From mboxrd@z Thu Jan  1 00:00:00 1970
Return-Path: <xfs-bounces@oss.sgi.com>
Received: from cuda.sgi.com (cuda2.sgi.com [192.48.176.25])
	by oss.sgi.com (8.14.3/8.14.3/SuSE Linux 0.8) with ESMTP id
	p6BBAksp217520 for <xfs@oss.sgi.com>; Mon, 11 Jul 2011 06:10:46 -0500
Received: from bombadil.infradead.org (localhost [127.0.0.1])
	by cuda.sgi.com (Spam Firewall) with ESMTP id 9CB75527DA4
	for <xfs@oss.sgi.com>; Mon, 11 Jul 2011 04:10:45 -0700 (PDT)
Received: from bombadil.infradead.org
	(173-166-109-252-newengland.hfc.comcastbusiness.net
	[173.166.109.252]) by cuda.sgi.com with ESMTP id
	TohOV8WcA0E8Ef36 for <xfs@oss.sgi.com>;
	Mon, 11 Jul 2011 04:10:45 -0700 (PDT)
Date: Mon, 11 Jul 2011 07:10:39 -0400
From: Christoph Hellwig <hch@infradead.org>
Subject: Re: [PATCH 03/27] xfs: use write_cache_pages for writeback clustering
Message-ID: <20110711111039.GA3139@infradead.org>
References: <20110629140109.003209430@bombadil.infradead.org>
	<20110629140336.950805096@bombadil.infradead.org>
	<20110701022248.GM561@dastard> <20110701041851.GN561@dastard>
	<20110701093305.GA28531@infradead.org>
	<20110701154136.GA17881@localhost> <20110704032534.GD1026@dastard>
	<20110705143409.GB15285@suse.de>
MIME-Version: 1.0
Content-Disposition: inline
In-Reply-To: <20110705143409.GB15285@suse.de>
List-Id: XFS Filesystem from SGI <xfs.oss.sgi.com>
List-Unsubscribe: <http://oss.sgi.com/mailman/options/xfs>,
	<mailto:xfs-request@oss.sgi.com?subject=unsubscribe>
List-Archive: <http://oss.sgi.com/pipermail/xfs>
List-Post: <mailto:xfs@oss.sgi.com>
List-Help: <mailto:xfs-request@oss.sgi.com?subject=help>
List-Subscribe: <http://oss.sgi.com/mailman/listinfo/xfs>,
	<mailto:xfs-request@oss.sgi.com?subject=subscribe>
Content-Type: text/plain; charset="us-ascii"
Content-Transfer-Encoding: 7bit
Sender: xfs-bounces@oss.sgi.com
Errors-To: xfs-bounces@oss.sgi.com
To: Mel Gorman <mgorman@suse.de>
Cc: "xfs@oss.sgi.com" <xfs@oss.sgi.com>, Christoph Hellwig <hch@infradead.org>, "linux-mm@kvack.org" <linux-mm@kvack.org>, Wu Fengguang <fengguang.wu@intel.com>, Johannes Weiner <jweiner@redhat.com>

On Tue, Jul 05, 2011 at 03:34:10PM +0100, Mel Gorman wrote:
> > However, what I'm questioning is whether we should even care what
> > page memory reclaim wants to write - it seems to make fundamentally
> > bad decisions from an IO persepctive.
> > 
> 
> It sucks from an IO perspective but from the perspective of the VM that
> needs memory to be free in a particular zone or node, it's a reasonable
> request.

It might appear reasonable, but it's not.

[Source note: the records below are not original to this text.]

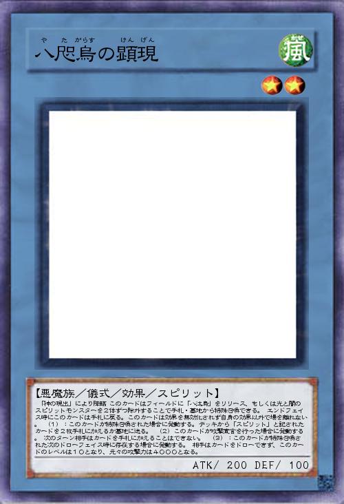 | 「神の現出」により降臨 このカードはフィールドに「八汰烏」をリリース、もしくは光と闇のスピリットモンスターを2体ずつ除外することで手札・墓地から特殊召喚できる。 エンドフェイス時にこのカードは手札に戻る。このカードは効果を無効化されず自身の効果以外で場を離れない。 (1):このカードが特殊召喚された場合に発動する。デッキから「スピリット」と記されたカードを2枚手札に加えるか墓地に送る。 (2)このカードが攻撃宣言を行った場合に発動する。 次のターン相手はカードを手札に加えることはできない。 (3):このカードが特殊召喚された次のドローフェイス時に存在する場合に発動する。 相手はカードをドローできず、このカードのレベルは10となり、元々の攻撃力は4000となる。 | |||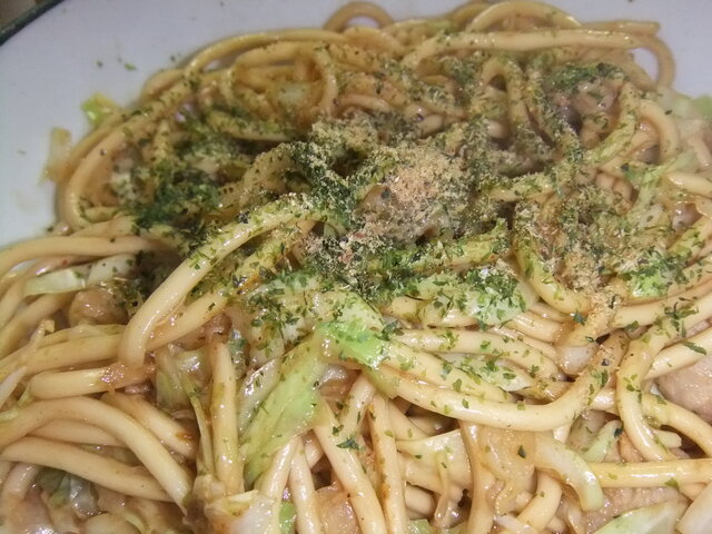焼きそば 青のり ふりました。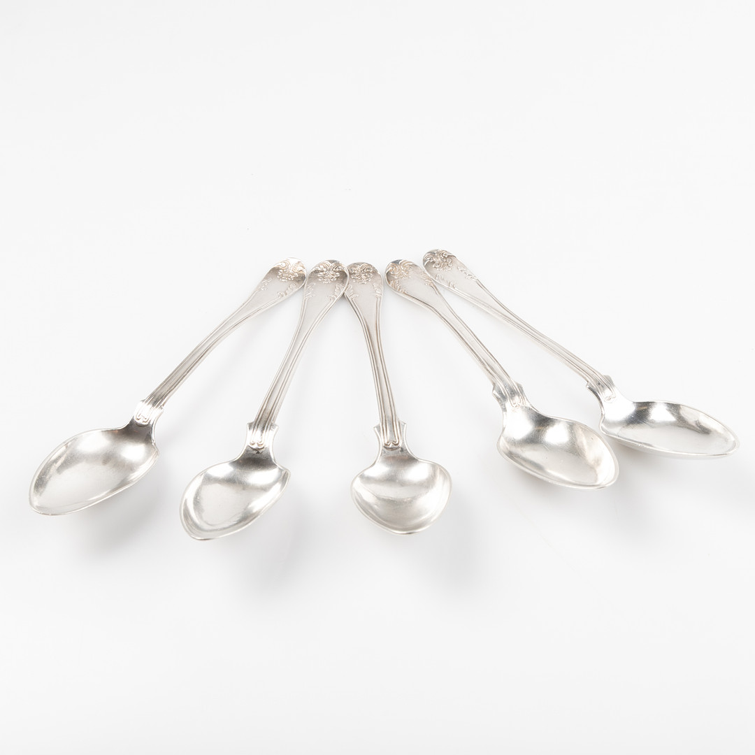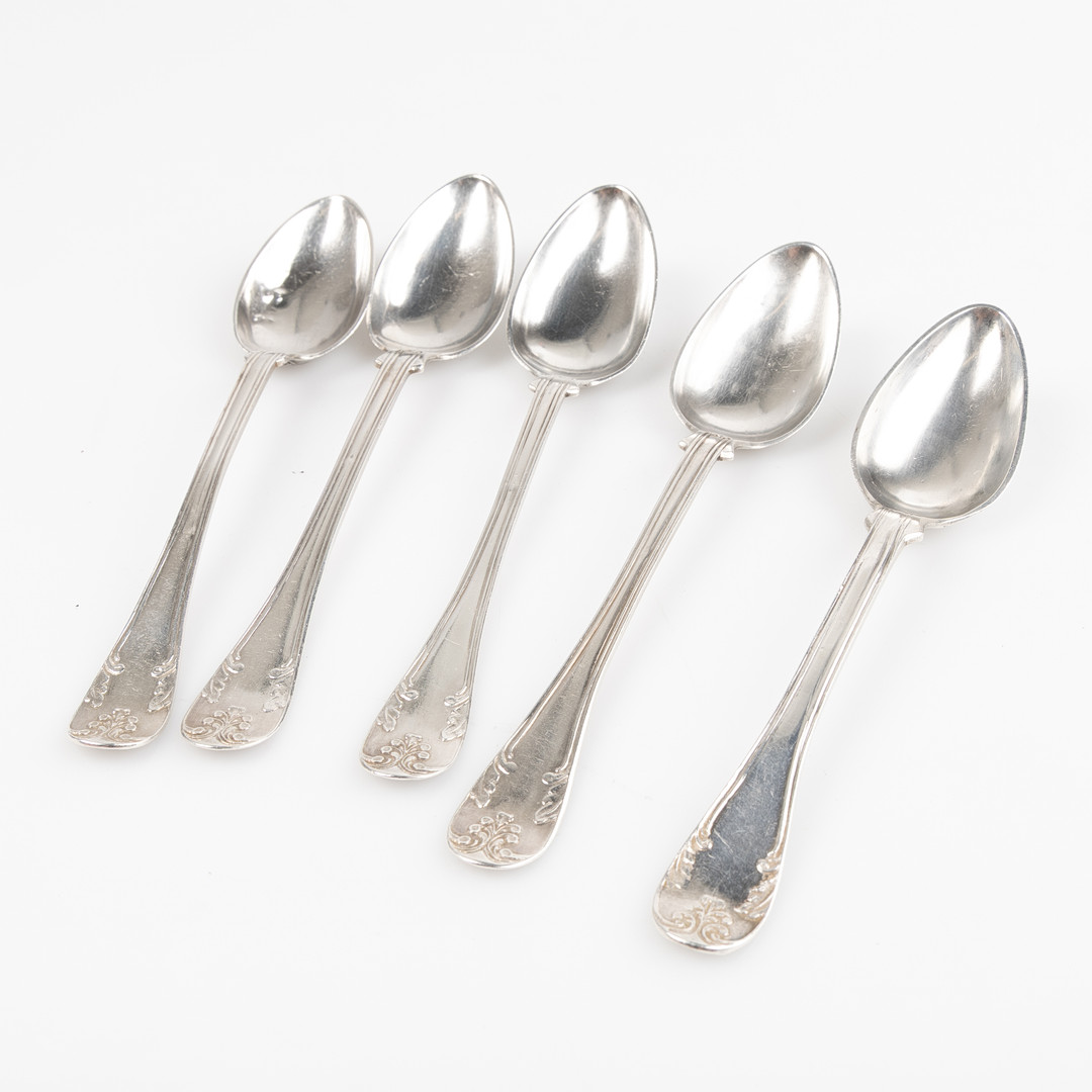 4980807. TESKEFULDE, 5 stk. sølv, stemplet 1875-1877.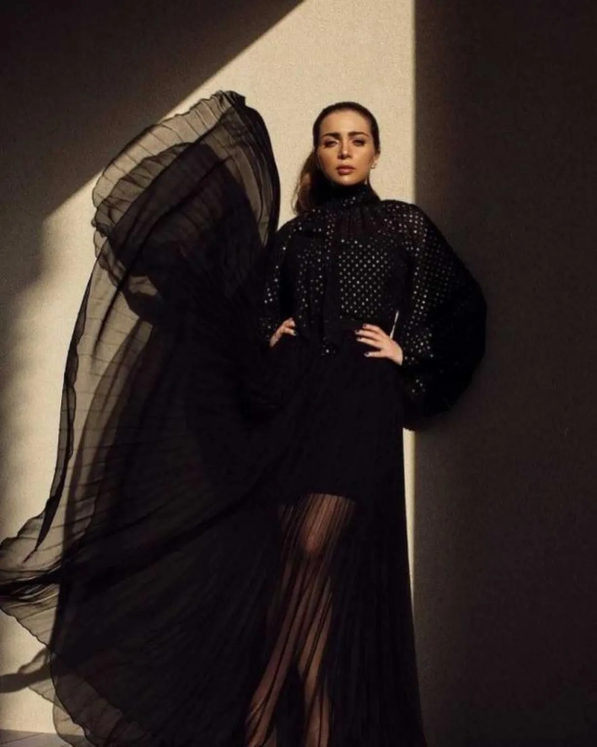 وقد اختارت مي في اطلالتها الاحتفالية اللون الأسود لفستانها، ما دفع البعض للتعبير عن عدم مناسبة الاختيار لهذا الحدث السعيد.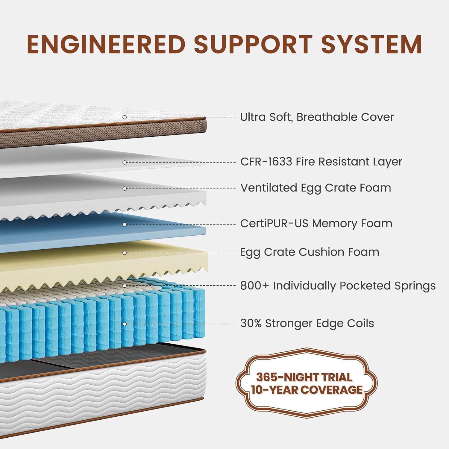 - Hybrid Construction: Combines the support of innerspring coils with the plush comfort of memory foam for the best of both worlds.

What the VM wants underneath is generally (1):

 - free N pages in zone Z

and it then goes own to free the pages one one by one though kswapd,
which leads to freeing those N pages, but unless they already were
clean it will take very long to get there and bog down the whole
system.

So we need a better way to actually perform that underlying request.
Dave's suggestion of keeping different lists for clean vs dirty pages
in the VM and preferably reclaiming for the clean ones when having
zone pressure is one first step.  The second one will be to tell the
writeback threads to preferably reclaim from a zone.  I'm actually
not sure how do that yet, as we could have memory from different
zones on a single inode.  Taking an inode that has memory from the
right zone and the writing that out will probably work fine for
different zones in a 64-bit NUMA systems where zones more or less
equal nodes.  It probably won't work very well if we need to free
up memory in the various low memory zones, as those will be spread
over random inodes.

> It doesnt' check how many pages are under writeback. Direct reclaim
> will check if the block device is congested but that is about
> it. Otherwise the expectation was the elevator would handle the
> merging of requests into a sensible patter.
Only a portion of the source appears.